Throne of Truth

Page 66

His stoic frame shook violently. “You don’t see what I do, Elle. What I’m turning you into. You used to be so pure, and I’m...ruining you. I’ve trapped you in this life when really I should be cruel to you, so you’ll leave me to my own fuck ups.”

His honesty about hating me came full circle with his admission about why.

He was confused. I was confused. Just like every couple who ever had to climb over a few stumbling blocks was confused.

That was romance.

It wasn’t paint-by-numbers or color within the lines. It was messy and scribbly and up to us to draw it how we wanted.

I’d forgiven him the moment he admitted he was hurting.

Taking the argument and turning it into confession, I said, “Despite what you think, I did try to find you. Every day for months, I called police stations. I asked David to hire private investigators to learn your name. I even hired a sketch artist to draw a likeness of you, so people didn’t laugh me out of offices when I mentioned I had no idea who you were but had to help you.”

Penn’s face shattered. “You did?”

“Not a single day went by that I didn’t have guilt on my thoughts. I fell for you, too. I think that’s why I fought you so much when you came back. I couldn’t stomach the thought that I could be attracted to another when I was still hung up on Nameless.”

He swallowed, shaking his head slightly as if he wanted to take every nasty thing he’d done and destroy it.

I wished he could.

I wished we could go back to the night we’d met again at the Weeping Willow, and he’d pulled me into his arms to whisper about Central Park and chocolate kisses.

“You called me Nameless?”

I laughed under my breath. The angry tension snapped, leaving a calm rain-battered landscape in its wake. “What else could I call you?”

“I had no idea you tried to find me.”

“Because you didn’t ask.”

He closed his eyes, tormented and full of regret. “Christ, I ruined everything.”

“No, you didn’t,” I murmured, staring into his haunted gaze. “You just complicated it a little.” Brushing my skirt with suddenly nerve-damp fingers, I added, “But you can’t tell me what to do, Penn. Just like you couldn’t pretend you were something you weren’t.”

I closed the distance between us. “I agree you screwed up. You should’ve given me a chance when you first came to find me. You should’ve trusted in what you felt that night and let me explain.”

His throat worked as he swallowed. “I’m an idiot.”

“You’re not. You’re just not used to trusting people.”

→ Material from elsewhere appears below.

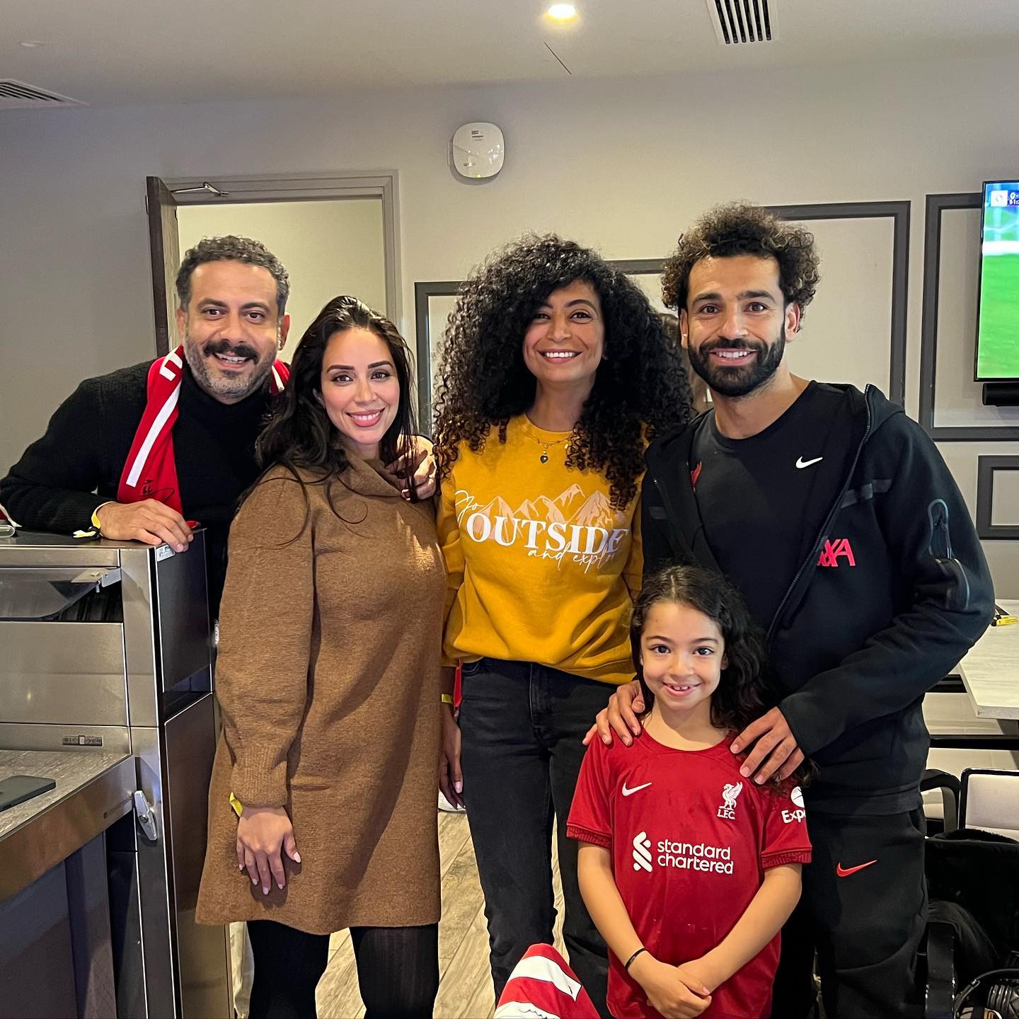 ونشرت بسنت شوقى، مجموعة من الصور برفقة محمد فراج من داخل الملعب، وصورة تجمعهما مع محمد صلاح، وابنته مكة، وعلقت بسنت على الصورة، "مع الملك وابنته".

“If I trust you, Elle, I give you everything I have. I don’t—I don’t know if I can.”

I squeezed my fingers with his. He reluctantly squeezed me back, then almost crippled me with pressure-filled apology.

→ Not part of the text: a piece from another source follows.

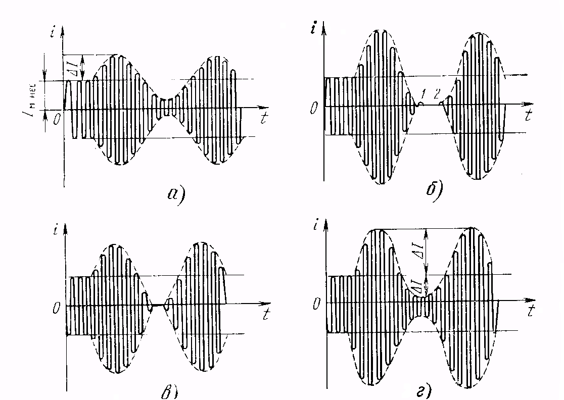 Таким образом, в результате изменения напряжения смещения амплитуда импульсов анодного тока, угол отсечки θ , а следовательно, и амплитуда первой гармоники анодного тока изменяются по звуковому закону, вследствие чего и осуществляется амплитудная модуляция (точки 3, 4, 5 и 6 на рис. 5).

I brought our joined hands to my mouth and kissed his knuckles. “You have to. Because I’ve already given you everything I have. Even if we end up killing each other, you have every piece of me.”

Penn smiled sadly, utterly solitary and unreachable. “I don’t deserve that.”

He said it as if rejecting my gift.

I’d come here to be connected, yet at that moment, all I felt was loneliness. It wasn’t just physical distance this time but emotional. Penn successfully tugged on all my self-doubt and made me wish things could’ve been different.

That we’d clung to each other that first night.

That I’d been honest and he’d been honest, and we’d fought for each other.

But things weren’t different and could never be.

We had to fight for our future, not what went wrong in our past.

“I can’t have that responsibility,” he whispered. “I can’t let you give me what I’ve always wanted when I don’t fucking deserve it.”

“But you do—”

His lips twisted into a snarl. “I don’t. I was wrong, okay? You were never spoiled. I know how hard you work for your company. I see how much you dote on your father. I understand how Belle Elle and its staff wouldn’t exist without you. You’re so much better than any dream version I could’ve created of you, and that...well, it fucking terrifies me.”

He looked at the floor, severing our connection. “That night in the limo...I was going to break it off. Hell, I was supposed to break it off with you the first time I let you walk out of my apartment without me and almost got hurt by that asshole on the street. I told myself I didn’t care what happened to you. I’d got what I wanted. You’d gotten what you wanted. We were through. But that fucking night three years ago.”

He squeezed my fingers. “I can’t explain it. Maybe I was so lonely I would’ve fallen for anyone who treated me with kindness. Perhaps, I would’ve handed over my soul to the first girl who saw past my rags and lack of riches and kissed me. But I don’t think that’s true. It was you, Elle.” His eyes shone with dark passion. “I fell for you the second I met you. I don’t care if that’s idiotic or improbable; it’s true. The one piece of truth I could never hide with the countless lies I told. I just—”

His head hung. His fingers spasmed. “I’m sorry.”

All my fight trickled away.

I walked into his embrace, slotting myself neatly into him as he rested his chin on my scalp. “I’m sorry, too. I’m sorry I didn’t find you. I’m sorry I left you.”